→ **Exercise aim**
Return exactly the span of lines in the following data that opens with the line containing "咥え方に戸惑い、前足でちょん" and closes with the line containing "In this picture, Reagan". Include nothing else.

→ **Information shown**
▽

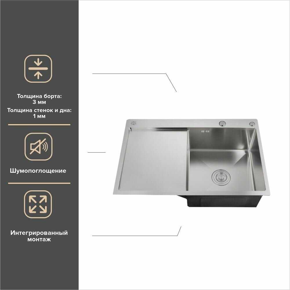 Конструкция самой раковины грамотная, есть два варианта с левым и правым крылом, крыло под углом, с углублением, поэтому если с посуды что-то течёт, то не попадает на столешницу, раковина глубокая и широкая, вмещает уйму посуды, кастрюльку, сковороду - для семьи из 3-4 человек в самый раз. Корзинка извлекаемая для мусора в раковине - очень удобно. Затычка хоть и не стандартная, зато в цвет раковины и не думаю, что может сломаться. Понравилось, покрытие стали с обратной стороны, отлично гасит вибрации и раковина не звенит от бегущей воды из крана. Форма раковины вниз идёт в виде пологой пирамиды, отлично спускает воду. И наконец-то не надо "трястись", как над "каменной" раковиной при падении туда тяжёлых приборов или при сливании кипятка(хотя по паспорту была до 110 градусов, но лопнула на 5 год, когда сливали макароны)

△
▽

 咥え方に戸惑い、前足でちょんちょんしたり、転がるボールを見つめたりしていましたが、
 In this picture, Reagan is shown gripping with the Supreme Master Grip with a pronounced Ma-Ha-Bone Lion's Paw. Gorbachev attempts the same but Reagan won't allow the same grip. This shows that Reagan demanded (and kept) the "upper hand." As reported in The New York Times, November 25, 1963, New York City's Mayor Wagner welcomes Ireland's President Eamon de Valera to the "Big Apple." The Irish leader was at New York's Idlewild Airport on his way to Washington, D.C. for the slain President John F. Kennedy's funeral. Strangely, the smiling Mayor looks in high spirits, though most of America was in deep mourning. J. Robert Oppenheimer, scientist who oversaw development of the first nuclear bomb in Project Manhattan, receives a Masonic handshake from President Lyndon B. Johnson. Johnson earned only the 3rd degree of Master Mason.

△
▽

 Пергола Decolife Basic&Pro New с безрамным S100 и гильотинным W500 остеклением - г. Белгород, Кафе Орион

△

→ **Response**
 咥え方に戸惑い、前足でちょんちょんしたり、転がるボールを見つめたりしていましたが、
 In this picture, Reagan is shown gripping with the Supreme Master Grip with a pronounced Ma-Ha-Bone Lion's Paw. Gorbachev attempts the same but Reagan won't allow the same grip. This shows that Reagan demanded (and kept) the "upper hand." As reported in The New York Times, November 25, 1963, New York City's Mayor Wagner welcomes Ireland's President Eamon de Valera to the "Big Apple." The Irish leader was at New York's Idlewild Airport on his way to Washington, D.C. for the slain President John F. Kennedy's funeral. Strangely, the smiling Mayor looks in high spirits, though most of America was in deep mourning. J. Robert Oppenheimer, scientist who oversaw development of the first nuclear bomb in Project Manhattan, receives a Masonic handshake from President Lyndon B. Johnson. Johnson earned only the 3rd degree of Master Mason.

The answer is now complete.